Salmon and halibut, for example, are high in vitamin B6, which the body needs to produce melatonin, so these fish can have a sleepy effect.
Lettuce can also help us to get a better night’s sleep because it contains lactucin which has a sedative effect on the nervous system.
Like milk, hummus contains L-tryptophan, so can be a good evening snack if we’re feeling hungry.
Five Interesting Sleep Facts
Did you know…..?
- The official record documented for the longest anyone has gone without sleep is 11 days and 24 minutes. Loss of concentration, hallucinations, disrupted vision, paranoia, mood swings, difficulty speaking and loss of memory were experienced.
- Unusual noise, and noise during the first and last two hours of sleep, has the most disruptive impact on the sleep cycle. Noise disruption can have a negative impact on various immune system processes as well as other biological, endocrine and metabolic functions that require a regular, healthy and uninterrupted circadian rhythm to operate optimally.
- Humans get approximately three hours less sleep a night compared to our primate cousins, chimps, baboons, rhesus monkeys and squirrel monkeys who tend to get 10 hours compared to our average of between 7 and 9 hours per night.
- Sleep deprivation adversely affects our tolerance of alcohol. After just five nights of missing out on ‘enough’ sleep, the effect of alcohol on our body is doubled compared to when we are well rested and in a regular sleeping pattern.

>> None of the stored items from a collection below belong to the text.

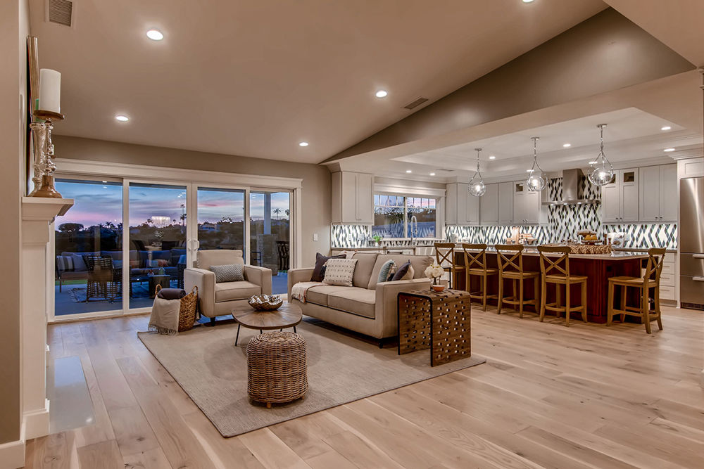 A neglected midcentury ranch with good structure was restored to its original purpose as a beautiful family home. Lived in by one owner, the existing home felt like entering a time warp. This home was dramatically transformed while staying within its footprint to retain a sense of place in the neighborhood. The curb appeal was refreshed with an exterior honoring original midcentury ideas but updated for today. Inside, existing disjointed levels were evened out to create an open expanse, extending to a stunning outdoor living space. With a view over a canyon and beyond to the ocean, this modern home is exceptional.
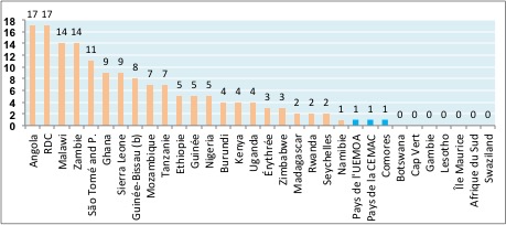 Graphique 2: Nombre d’années d’inflation supérieure à 20% dans quelques pays d’ASS
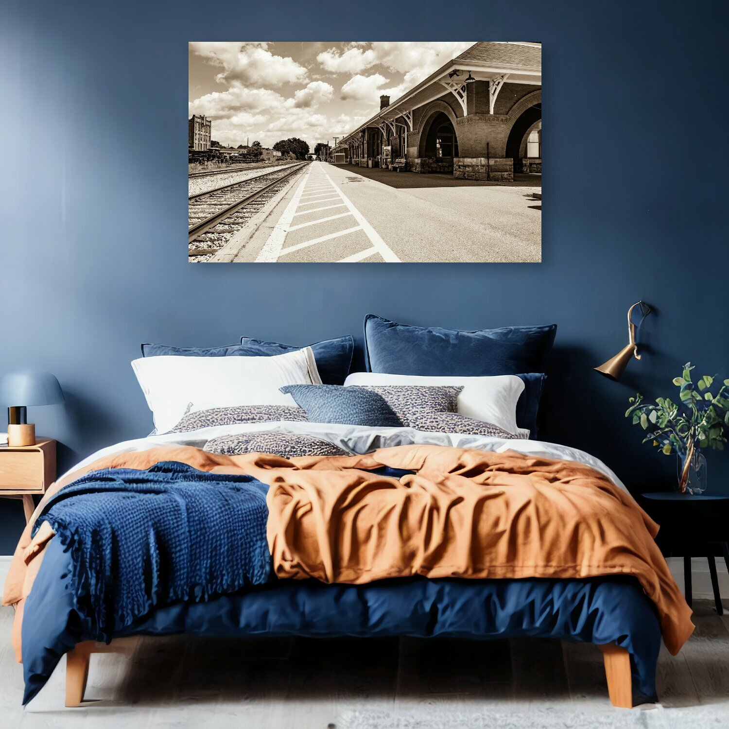 Картина на холсте "Железная дорога, железнодорожный вокзал, железнодорожная станция" на подрамнике 120х75 см. для интерьера интересное:
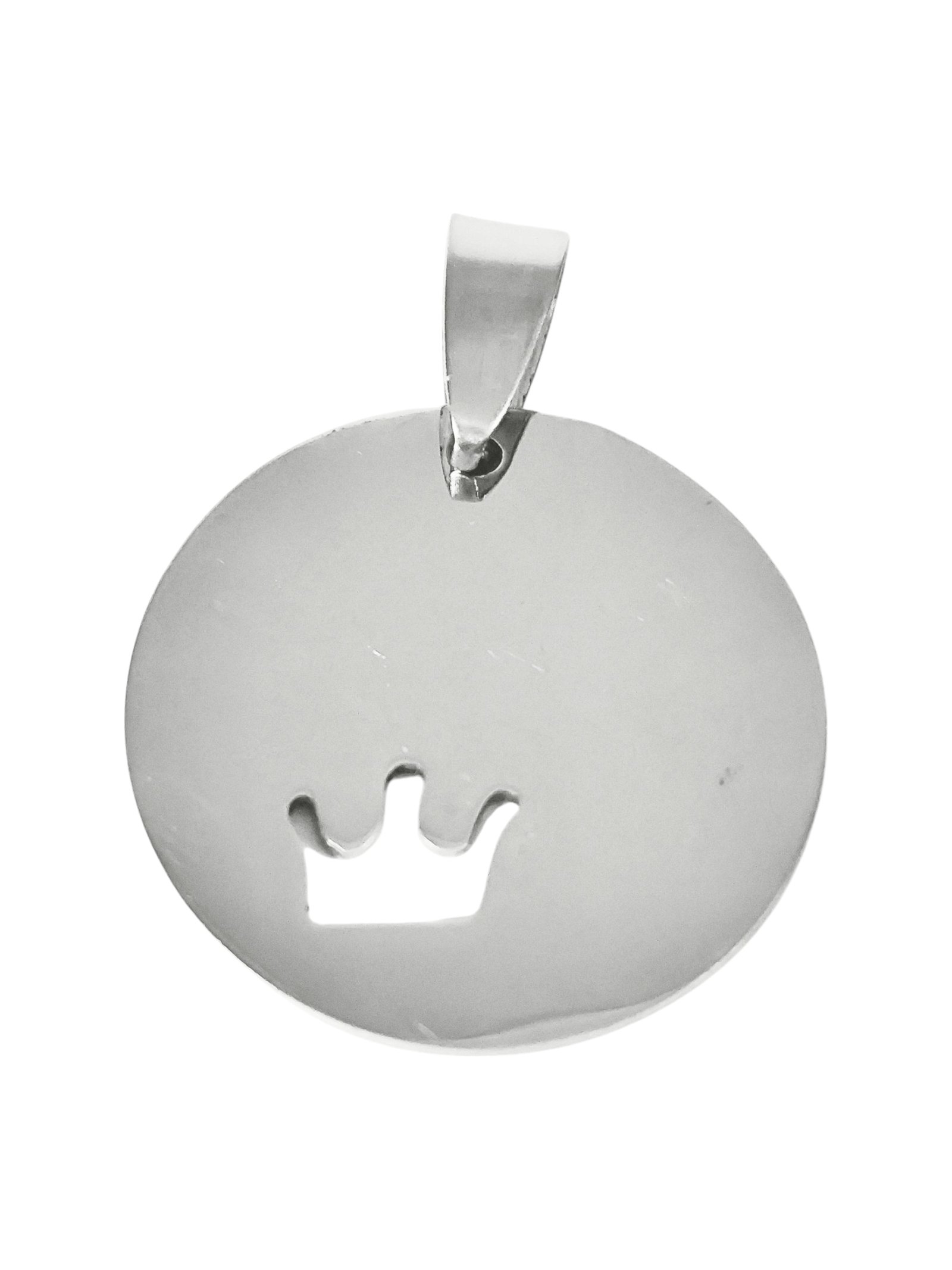 Tag Pendant in stainless steel with bail, Crown, 25mm
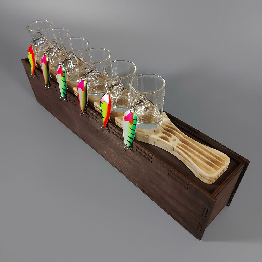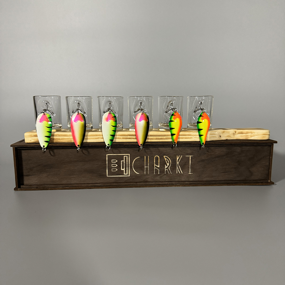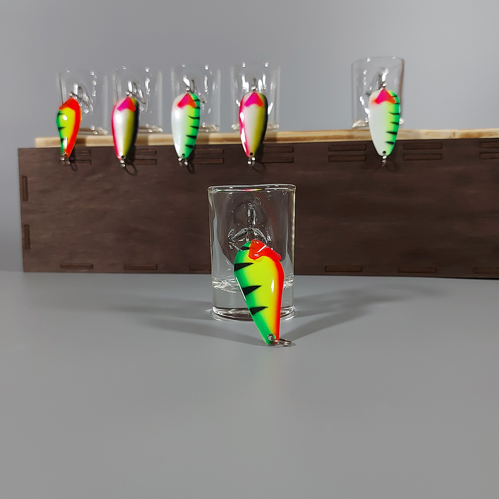 Подарунковий набір чарок з оригінальною вставкою-блешнею — стильний та незвичайний подарунок для любителів риболовлі та поціновувачів ексклюзивного посуду. Кожна чарка виготовлена зі скла та декорована справжньою рибальською блешнею, що робить набір унікальним та привабливим.
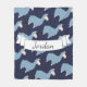Um padrão azul bonito de lhamas sobre um fundo azul escuro com seu nome personalizado em roteiro de cinza.
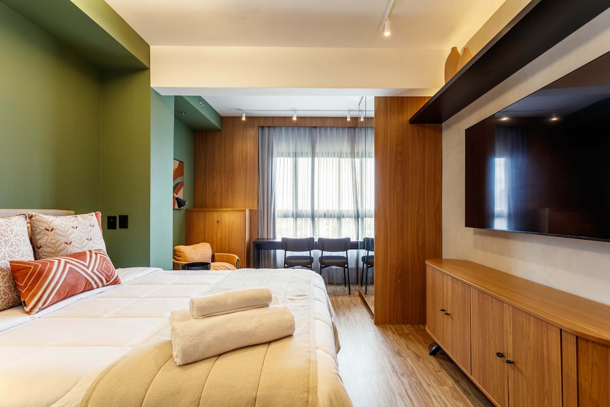 Užij si bohémskou a uměleckou Vila Madalena, plnou barů, restaurací a kaváren. Můžete poznat region nebo dokonce podniknout výlet do městských parků na kole, které je k dispozici zdarma. Přijedeš pracovat? Soustřeď se na ni u pohodlného stolu s výhledem na zelený balkón s krásným výhledem na vrcholky stromů. Koneckonců si užijte posilovnu, bazén, saunu a kulečníkovou místnost pro svůj kompletní odpočinek.

- Lack of sleep adversely affects bees too. Research indicates that sleep may function to consolidate memories in honeybees. “Learning is reinforced during deep-sleep, just like we would expect in humans” Bees have a similar circadian rhythm/sleeping pattern to humans and when sleep deprived are unable to remember usual daily tasks and actions, such as how to perform the waggle dance properly; the honeybee’s method of communicating where the best nectar can be found. Sleep deprived bees were also noted to have got lost returning to the hive, struggling to recall the familiar journey home.
Supplements: 5-HTP and sleep
5-HTP is a vital naturally occurring compound in the body and is the most important active ingredient of the Griffonia Simplicifolia plant. Griffonia Simplicifolia is a vine plant that best grows on mountain slopes and termite hills of Central and West Africa. It’s been employed in this part of the world for centuries as a traditional herbal medicine, esteemed for its therapeutic and healing properties for a range of diseases. 5-HTP converts directly into serotonin and melatonin in the human brain. These are neurotransmitters which are believed to help mood, brain activity, appetite, concentration, and regulate sleep patterns. 5-HTP is thought to help aid insomnia; The conversion of 5-HTP into serotonin and melatonin in the brain can help promote a healthy sleep pattern. Melatonin has been cited as the hormone that helps regulate our wake-sleep cycle. Try coupling this with Green tea tablets, a great source of theanine which can help improve sleep; and these two supplements could help us to get some shut eye. I get my supplements from Oxford Vitality, who are a thoroughly nice bunch. I have a lot of respect for them as a company and trust the quality of their products and like their ethos and philosophy.
Sleep for survival
Quite simply we need sleep. Sleep is essential to our survival. It’s clear that while we sleep a whole multitude of mental, physical, emotional and biological processes are taking place which are paramount to human health. Ensuring we are getting an adequate amount of sleep each night and developing a regular sleeping pattern is intrinsically linked to overall health, well-being and vitality.